Das Datenschutzgesetz der EU wird in Deutschland durch das Bundesdatenschutzgesetz umgesetzt.

§ 1 Zweck und Anwendungsbereich des Gesetzes (BDSG)
(1) Zweck dieses Gesetzes ist es, den Einzelnen davor zu schützen, dass er durch den Umgang mit seinen personenbezogenen Daten in seinem Persönlichkeitsrecht beeinträchtigt wird.

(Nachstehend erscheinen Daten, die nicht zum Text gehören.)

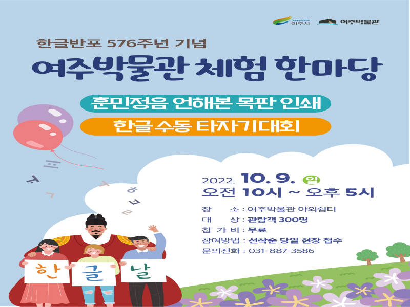 여주시(시장 이충우) 여주박물관에서는 10월 9일(일) 한글반포 576주년을 기념하여 박물관 전시 유물과 연계한 체험행사를 운영한다.
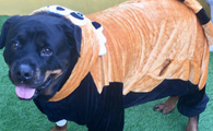 吓死宝宝了! 汪换上可爱浣熊装变身老虎
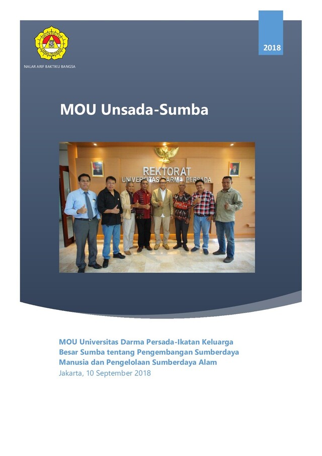 10 September 2018 MOU Universitas Darma Persada-Ikatan Keluarga Besar Sumba tentang Pengembangan Sumberdaya Manusia dan Pengelolaan Sumberdaya Alam

Des Weiteren gibt es das Recht auf informationelle Selbstbestimmung. Es ist nicht explizit im Grundgesetz erwähnt, wurde allerdings vom Bundesverfassungsgericht in einem Volkszählungsurteil im Jahr 1983 festgelegt. Das Grundgesetz wird dabei im Prinzip um den Schutz persönlicher Daten erweitert.

 

Fazit oder „I don’t want to live in a world where there’s no privacy“

Die Privatsphäre und deren Schutz ist theoretisch in jeder Demokratie verankert. Es sollte also auch zukünftig als Ziel angesehen werden, persönliche Daten zu schützen. Je mehr Wege es gibt, Daten einzusehen, desto mehr muss die Gesellschaft und folglich die Politik Regeln finden, diese zu schützen. Daher sollte die EU sich darum bemühen, mögliche Gesetzeslücken zu schließen, denn Datenschutz macht heutzutage einen großen Anteil der Privatsphäre aus – und diese ist in Deutschland im Grundgesetz verankert. Auch die Entwicklung in Afrika, die zunehmende Vorlage von Gesetzesentwürfen zum Datenschutz, ist zu begrüßen. Die Verabschiedung dieser Gesetze sollte sich allerdings beschleunigen, denn die persönlichen Daten sind bereits vorhanden.  Edward Snowden hat uns dies vor Augen geführt und um es abschließend mit seinen Worten auszudrücken: „I don’t want to live in a world where there’s no privacy and therefore no room for intellectual exploration and creativity“.